转SDRAM工作原理及S3C2410 SDRAM控制器4Banks x 4M x 16Bit配置方法（1）嵌入式系统2011-01-18 20:49:05 阅读7 评论0 字号：大中小订阅SDRAM的工作原理、控制时序、及相关控制器的配置方法一直是嵌入式系统学习、开发过程中的一个难点。

掌握SDRAM的知识对硬件设计、编写系统启动代码、提高系统存取效率、电源管理都有一定的意义。

本文想通过：1.SDRAM的工作原理。

2.HY57V561620 SDRAM介绍。

3.S3C2410和HY57V561620的接线方法。

4.S3C2410 SDRAM控制器的配置方法。

5.SDRAM控制时序分析这5个方面来帮助初学者了解SDRAM。

文章分为2篇，第1篇讲解前3个知识点，第2篇讲解后2个。

一、SDRAM的工作原理SDRAM之所以成为DRARM就是因为它要不断进行刷新（Refresh）才能保留住数据，因此它是DRAM最重要的操作。
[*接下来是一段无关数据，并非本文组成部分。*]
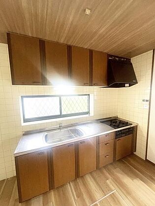 •  上下に豊富な収納スペースが備わっています。窓があり明るい採光が確保されています。ガスコンロとレンジフードが設置されています。
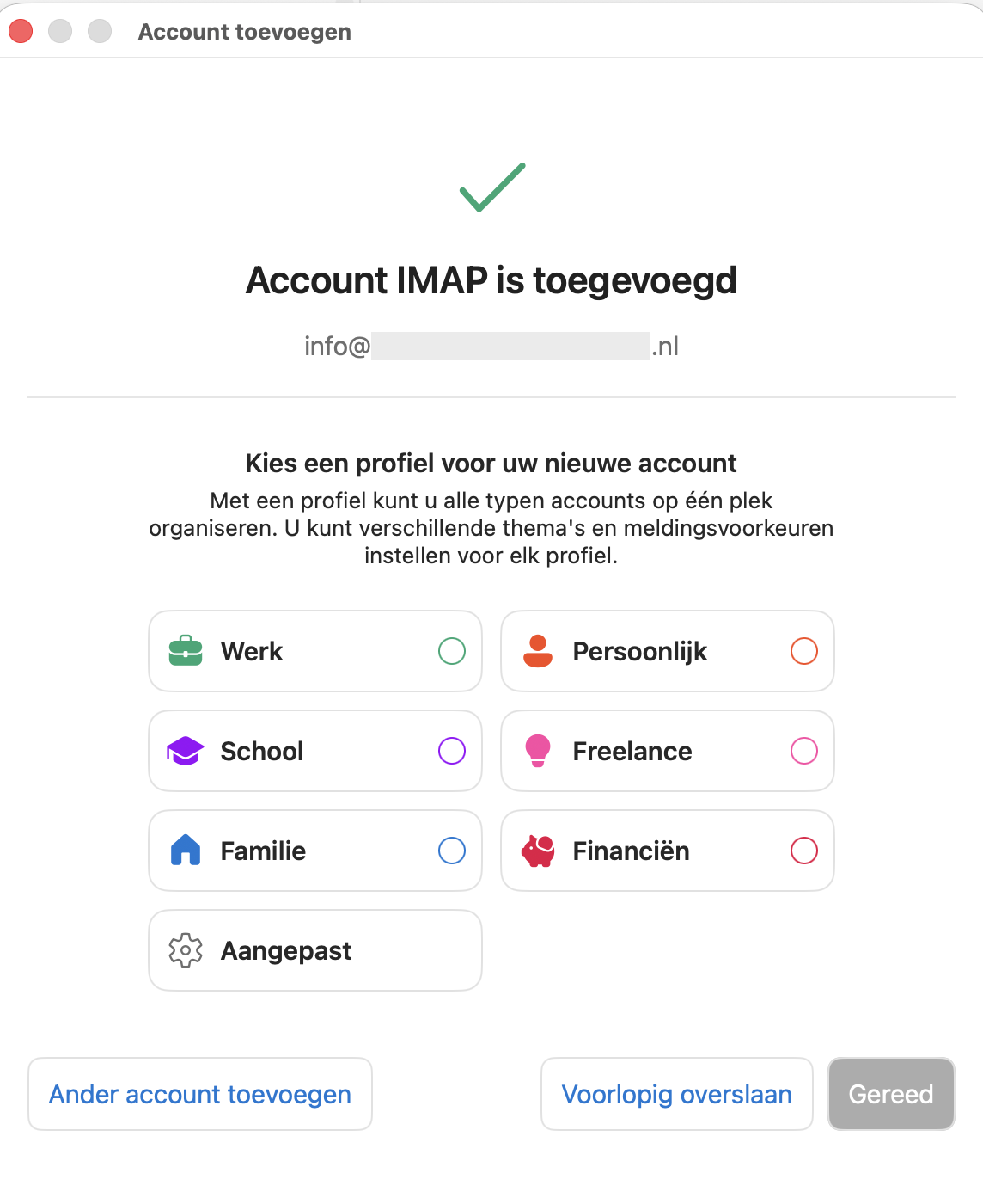 Je kunt nog kiezen of je het mailaccount wilt onderbrengen in een profiel

那么要隔多长时间重复一次刷新呢？目前公认的标准是，存储体中电容的数据有效保存期上限是64ms（毫秒，1/1000秒），也就是说每一行刷新的循环周期是64ms。

这样刷新速度就是：行数量/64ms。

我们在看内存规格时，经常会看到4096 Refresh Cycles/64ms或8192 Refresh Cycles/64ms的标识，这里的4096与8192就代表这个芯片中每个Bank的行数。

刷新命令一次对一行有效，发送间隔也是随总行数而变化，4096行时为15.625μs（微秒，1/1000毫秒），8192行时就为7.8125μs。

HY57V561620为8192 refresh cycles / 64ms。

SDRAM是多Bank结构，例如在一个具有两个Bank的SDRAM的模组中，其中一个Bank在进行预充电期间，另一个Bank却马上可以被读取，这样当进行一次读取后，又马上去读取已经预充电Bank的数据时，就无需等待而是可以直接读取了，这也就大大提高了存储器的访问速度。